3. Alternatively, to confirm that any appeal should have been lodged against the letter sent by the secretariat to the FIFA Disciplinary Committee on 5 October 2017, thereby declaring the appeal inadmissible.

4. Alternatively, to confirm the content of the letter sent by the Secretariat to the FIFA Disciplinary Committee on 14 March 2018 hereby appealed against.

5. To order the Appellant to bear all costs incurred with the present procedure and to cover all expenses of the Respondent related to the present procedure”.

JURISDICTION

73. The Appellant relies on Article R47 of the CAS Code and on Article 58, para 1 and para 2 of the FIFA Statutes as conferring jurisdiction to the CAS over the present case.

74. Article R47 of the CAS Code provides as follows:

An Appeal against the decision of a federation, association or sports-related body may be filed with CAS if the statutes or regulations of the said body so provide or if the parties have concluded a specific arbitration agreement and if the Appellant has exhausted the legal remedies available to him prior to the appeal, in accordance with the statutes or regulations of that body.

75. According to Article 58, para 1 and 2 of FIFA Statutes, “1. Appeals against final decisions passed by FIFA’s legal bodies and against decisions passed by confederations, member associations or league shall be

lodged with CAS within 21 days of notification of the decision in question. 2. Recourse may only be made to CAS after all other internal channel have been exhausted”.

76. At the outset of the proceedings, the Respondent argued that the letter of the Deputy Secretary to the FIFA Disciplinary Committee dated 14 March 2018, which is challenged by the Appellant, is a merely informative communication and shall not be considered as an “appealable decision” within the context of Article R47 of the CAS Code, thus raising an issue on the jurisdiction of the CAS over the present dispute.

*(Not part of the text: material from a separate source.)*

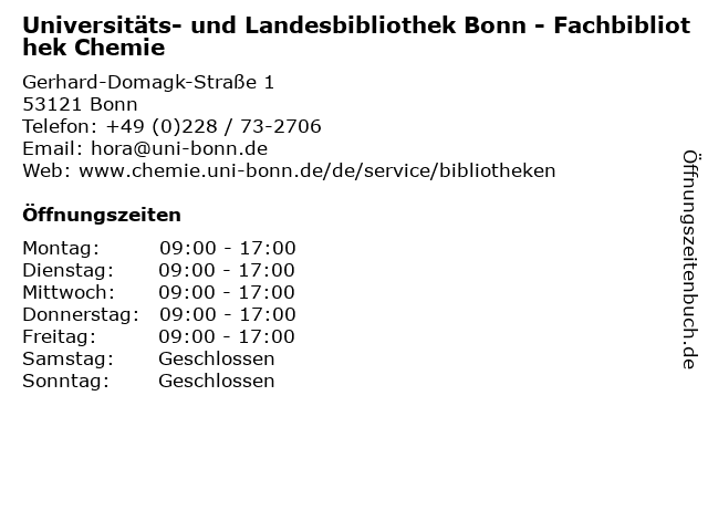 Branchen & Suchbegriffe zu Universitäts- und Landesbibliothek Bonn - Fachbibliothek Chemie:bibliothek, buch, buchscanner, chemie, fachbibliothek, landesbibliothek, literaturen, sprachen, universitäts |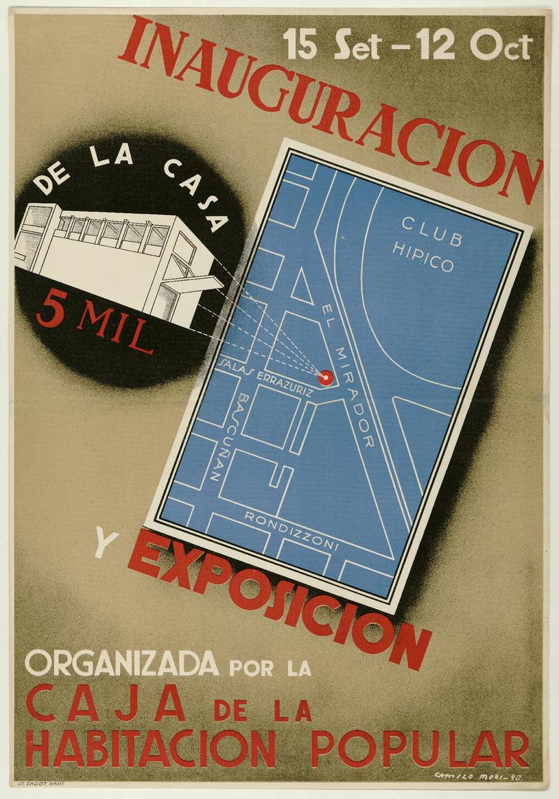 Inauguración y exposición de la casa 5 mil organizada por la Caja de la Habitación Popular [estampa] : Camilo Mori.

77. The Appellant maintained that the relevant letter contains a unilateral ruling by the FIFA Disciplinary Committee, consisting in the refusal to open a disciplinary proceeding against the Club, due to the alleged disaffiliation from the AFFA. As such, according to the Appellant, the challenged letter had the clear intention and the capacity to produce legal effects on the position of both the Player and the Club and is therefore to be considered as appealable before the CAS under the provision of Article R47 of the CAS Code.

78. As already put forward above in the present Award, the Panel has already decided that it has jurisdiction to entertain this appeal, and the Parties were informed of the relevant decision by letter of the CAS Court Office on 12 June 2018. In this respect, the Panel reminds that, in accordance with Article 186 of the Swiss Private International Law Act (the “PILA”), which is applicable to CAS arbitration pursuant to Article 176 of the same PILA, the CAS shall itself decide on its own jurisdiction.

79. Therefore, it is established that CAS has jurisdiction to hear the present case.

80. Moreover, the Panel observes that, by signing the Order of Procedure, the Respondent ultimately implicitly confirmed CAS jurisdiction over the dispute at stake.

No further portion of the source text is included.